## 3-D Coordinate Geometry Quiz-11

As per analysis for previous years, it has been observed that students preparing for JEE MAINS find Mathematics out of all the sections to be complex to handle and the majority of them are not able to comprehend the reason behind it. This problem arises especially because these aspirants appearing for the examination are more inclined to have a keen interest in Mathematics due to their ENGINEERING background. Furthermore, sections such as Mathematics are dominantly based on theories, laws, numerical in comparison to a section of Engineering which is more of fact-based, Physics, and includes substantial explanations. By using the table given below, you easily and directly access to the topics and respective links of MCQs. Moreover, to make learning smooth and efficient, all the questions come with their supportive solutions to make utilization of time even more productive. Students will be covered for all their studies as the topics are available from basics to even the most advanced..

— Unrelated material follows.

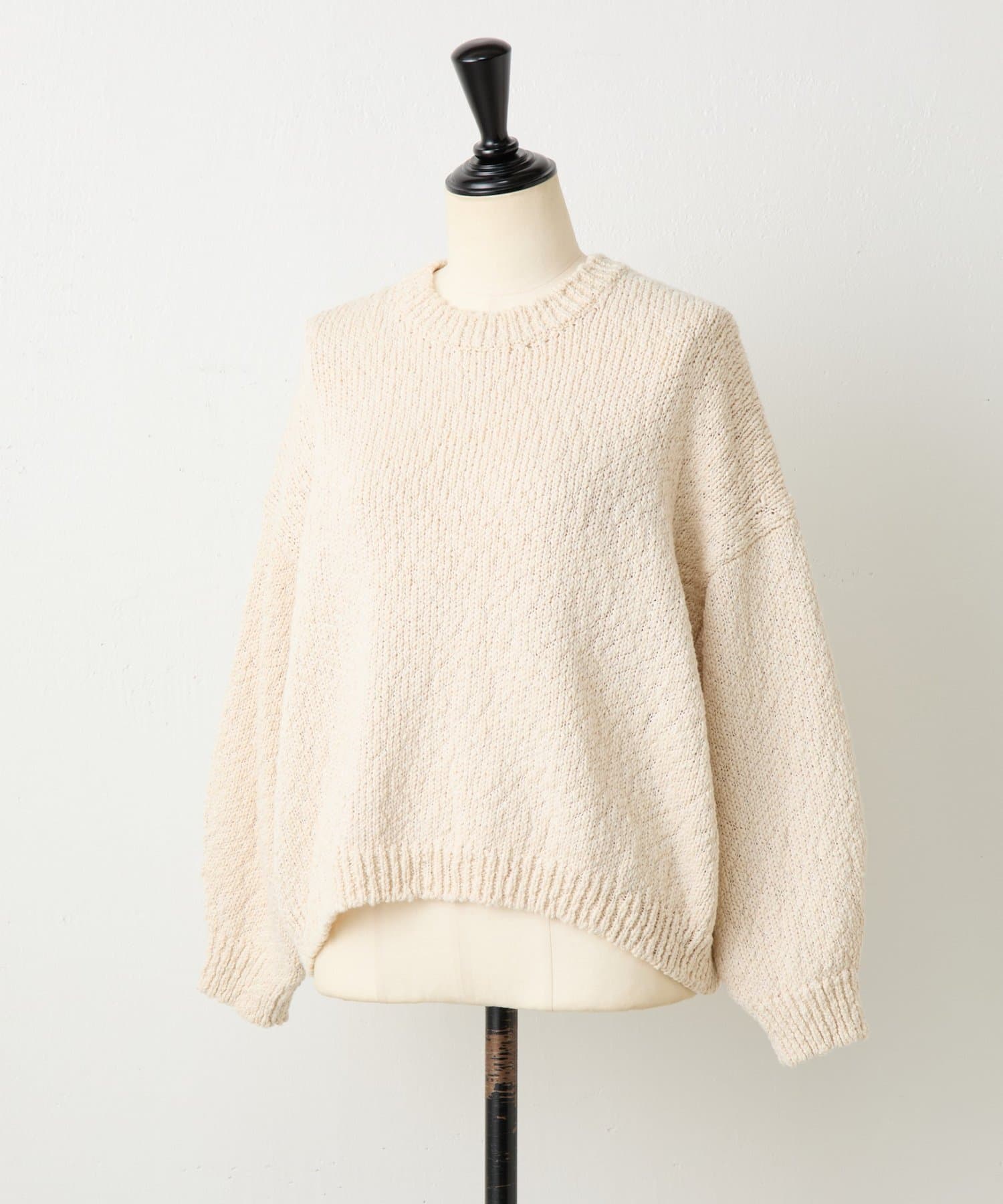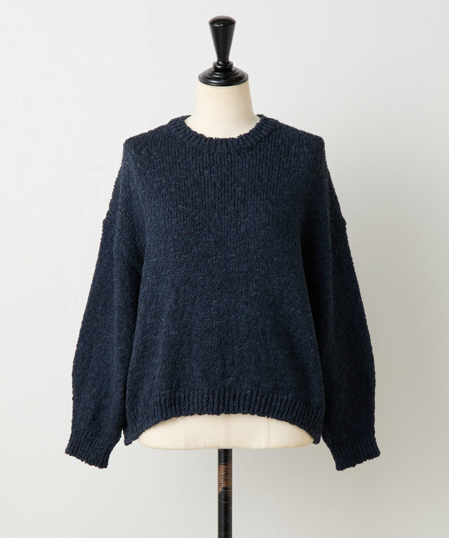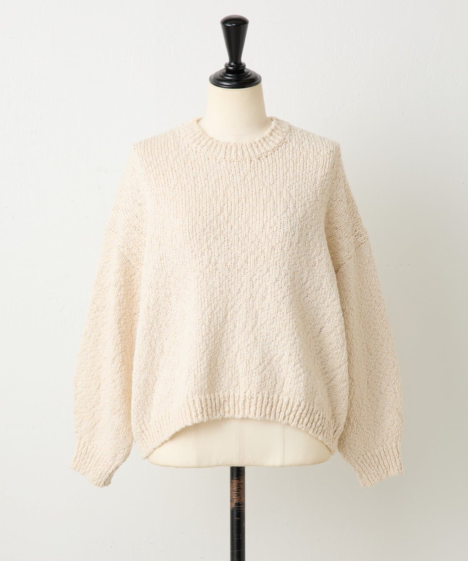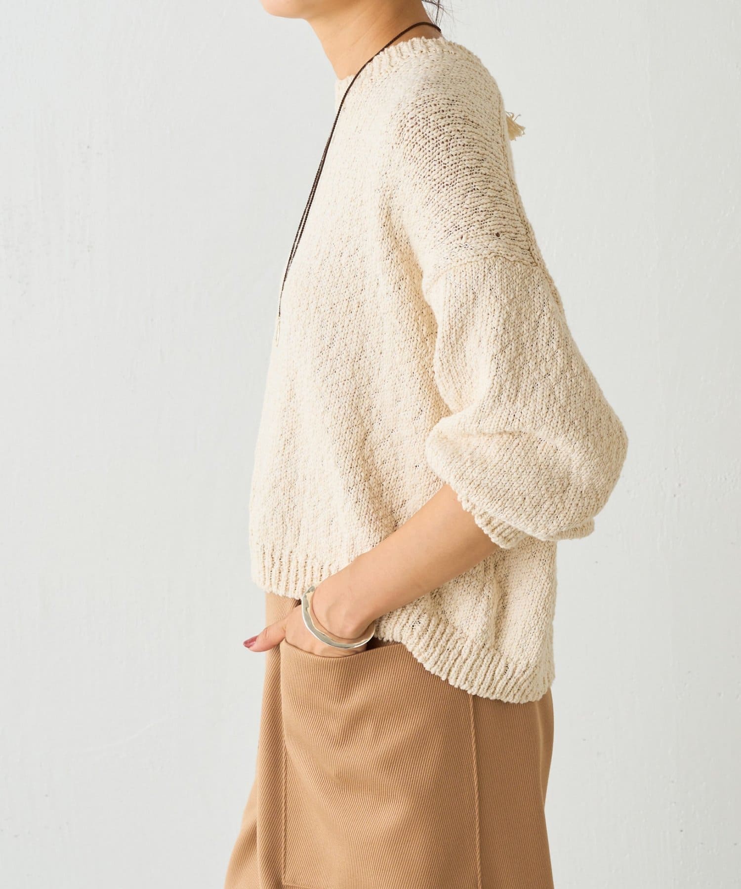 凸凹と節のあるスラブ糸を使用しラフな表面に編み上げたニット。

Q1. A plane makes intercepts a,b,c at A,B,C on the coordinate axes respectively.
If the centroid of the ∆ABC is at (3,2,1)then the equation of the plane is :
•  x+2y+3z=9
•  2x-3y-6z=18
•  2x+3y+6z=18
•  2x+y+6z=18
Solution
(c) Equation of plane is

x/a+y/b+z/c=1

Also,3=(a+0+0)/3

⟹a=9 and similarly b=6 and c=3

∴ Equation of required plane is

x/9+y/6+z/3=1

⟹2x+3y+6z=18

Q2.A line with direction ratios proportional to 2, 1, 2 meets each of the lines x=y+a=z and x+a=2y=2z. The coordinates of the points of intersection are given by :
•  (3a,3a,3a),(a,a,a)
•  (3a,2a,3a),(a,a,a)
•  (3a,2a,3a),(a,a,2a)
•  (2a,3a,3a),(2a,a,a)
Solution
(b) Let the equation of line AB be

(x-0)/1=(y+a)/1=(z-0)/1=k [say]

∴ Coordinate of E are (k,k-a,k).

Also, the equation of the other line CD is

(x+a)/2=(y-0)/1=(z-0)/1=λ [say]

∴ Coordinates of F are (2λ-a,λ,λ)

Direction ratio of FE are {(k-2λ+a),(k-λ-a),(k-λ)}

∴ (k-2λ+a)/2=(k-λ-a)/1=(k-λ)/2

From Ist and IInd terms,

k-2λ+a=2k-2λ-2a

⟹k=3a

From IInd and IIIrd terms,

2k-2λ-2a=k-λ

⟹ λ=k-2a=3a-2a

⟹ λ=a

∴ Coordinate of E=(3a,2a,3a) and coordinate of F=(a,a,a)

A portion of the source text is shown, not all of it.